I remember being about twelve years old and going on vacation to Goblin Valley in southern Utah. It was hot, HOT down there, and as my family and I wandered through the park climbing a top the ‘goblins’ for pictures, I saw a family dressed in very unsuitable clothing for the conditions. The boys were in turtle necks and long pants; the girls in long-sleeved dresses with bright colored socks. My mom told me that they were polygamists. I’d heard of them in my Utah History class, but I didn’t know they were real, at least in a modern sense.I tried not to stare, but it was almost like seeing a celebrity on the street. I didn’t want to invade their privacy, but I couldn’t simply look away. They were too fascinating.

Since then, I’ve seen my fair share of polygamists around Utah. In August I saw some in Park City, and last week I saw two sister wives at the fabric store. I still stare, but I try to smile and be friendly (as long as they don’t park their shopping carts in my way).

My greatest run-in with a polygamist family was unexpected and left me with a lot if information I didn’t previously know. I used to work at a country store at the local dairy. I had been working with a girl named Jennifer for a while, and one night the store was completely empty so Jennifer and I sat down to have some ice cream. I was teaching Sunday School at the time, and I told Jennifer how I would be teaching the next day and how I dreaded it because the boys in my class were a nightmare. Jennifer told me that she’d never been to church before. Without my asking, she continued telling me that her family was religious before she was born, but they had stopped practicing their faith. I assumed that they had been Mormons, but I found myself intrigued by her openness so I asked, “What religion were they?” She told me that they were members of the FLDS church, a sect that broke off from Mormonism but is not affiliated with the Church of Jesus Christ of Latter-Day Saints and maintains the practice of polygamy.
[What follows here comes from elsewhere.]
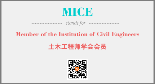 上述内容是“Member of the Institution of Civil Engineers”作为“MICE”的缩写,解释为“土木工程师学会会员”时的信息,以及英文缩略词MICE所代表的英文单词,其对应的中文拼音、详细解释以及在英文中的流行度和相关分类、应用领域及应用示例等。

Again, appreciating her openness (and out of desperate curiosity) I started asking a basket full of questions. I learned that her dad had been a polygamist with three wives. Two of his wives ended up leaving him so by the time Jennifer was born, her dad was only married to her mom, but he had shared custody of fifteen children.  The family had always lived in my community, even when practicing polygamy (this I found strange because most polygamists live in their own communities or on private ranches. I had no idea that some lived within normal neighborhoods like mine. I mean, how could they all fit in one small house?). Jennifer’s dad had been a Mormon in his youth, but as an adult decided that he liked the ideas of the Fundamentalists so he joined them, found himself three wives, and started breeding. I don’t know when, exactly, he stopped practicing polygamy - I guess he had no choice when his wives started leaving him, but at the time I knew the family, none of them followed the dress codes or lived the religion. The dad, however, continued to socialize with the FLDS people, and had arranged a marriage for Jennifer… to a 43 year old man. She would be his eighth wife when she turned 18. Jennifer expressed her grief over the issue of her ‘arranged’ marriage and told me how she planned to get out of it: she was going to have sex with a lot of different guys because the 43 year old wouldn’t accept an ‘unclean’ woman to be his wife.
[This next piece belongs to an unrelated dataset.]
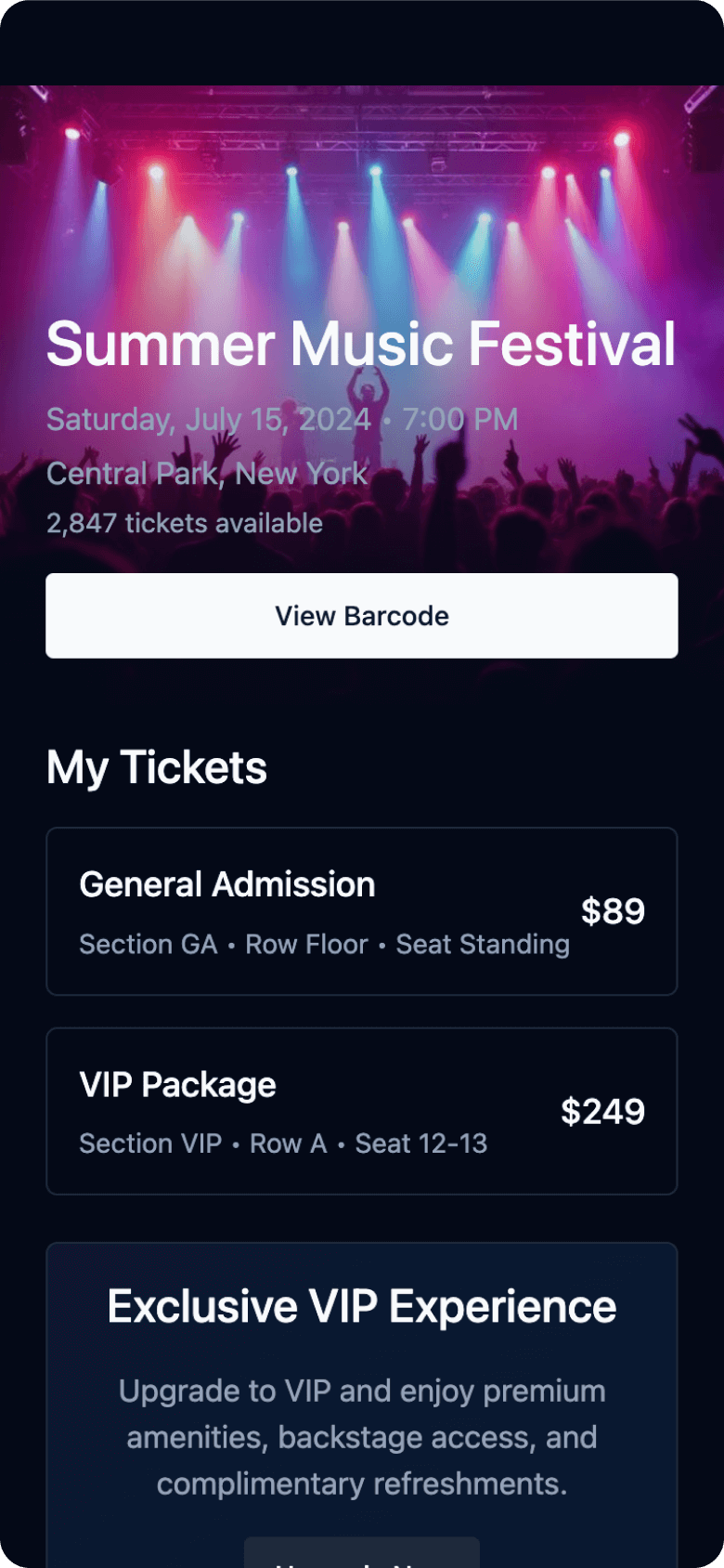 I led the end-to-end design execution, addressing the core user challenge: confusion between the order summary and accessing tickets. By restructuring the page hierarchy and surfacing the “View Barcode” CTA, I created a clearer, more intuitive experience across platforms. Support for dark/light modes and alignment with platform specific guidelines (Material Design & HIG) further improved usability.

I left work that night trying to decide if Jennifer was for real or if she had just told the biggest, fattest lie she could so she could keep my attention. I learned over time that she was being truthful, and by the end of my employment at the dairy, Jennifer’s mom had divorced her dad, and he was left with no wives.

Polygamy is so interesting. It’s a life style I will never desire or understand. I’ve heard rumors of brainwashing and blackmail involving the people of the FLDS church. All I know is, I’d never want to share a husband, and I’d definitely never put my trust in a man like Warren Jeffs. To each his own.

Everyday for the past ten months, I’ve been engaging in a vigorous workout. As time passes, and I build up more strength, the workout becomes more difficult. The majority of the workout consists of a series of lunges, squats, lifts, and bends. It goes something like this:

  • Squat and bend to pick up toys. Repeat.
  • Raise five laundry baskets above head and run down three flights of stairs.
  • Lift twenty-three pound Nicky weight from floor to high chair - back to floor - into crib - back to floor - on to changing table - back to floor.
  • Lunge forward toward crawling baby as he attempts to make escape with poopy bum. Repeat in two-second intervals until bum is clean and fresh diaper is secure. Repeat again to replace pants.
  • Using right hand, vigorously shake bottle until powdered formula is mixed. Repeat every 2-3 hours rotating hands.
  • Carry twenty-three pound Nicky weight up the stairs, outside to the garbage can, into the computer room, and everywhere else imaginable during every waking hour.
  • Using muscle contractions, fight to keep baby still while adorning socks and shoes. Repeat each time baby removes sock or shoe - up to ten times daily.
  • Run to baby when he tries to go down the stairs. Run to baby when he touches electric appliances. Run to baby when he starts playing near coffee table with sharp corners. Run to baby when he tries eating a candy wrapper.* Run to baby when he starts beating the cat with his toys.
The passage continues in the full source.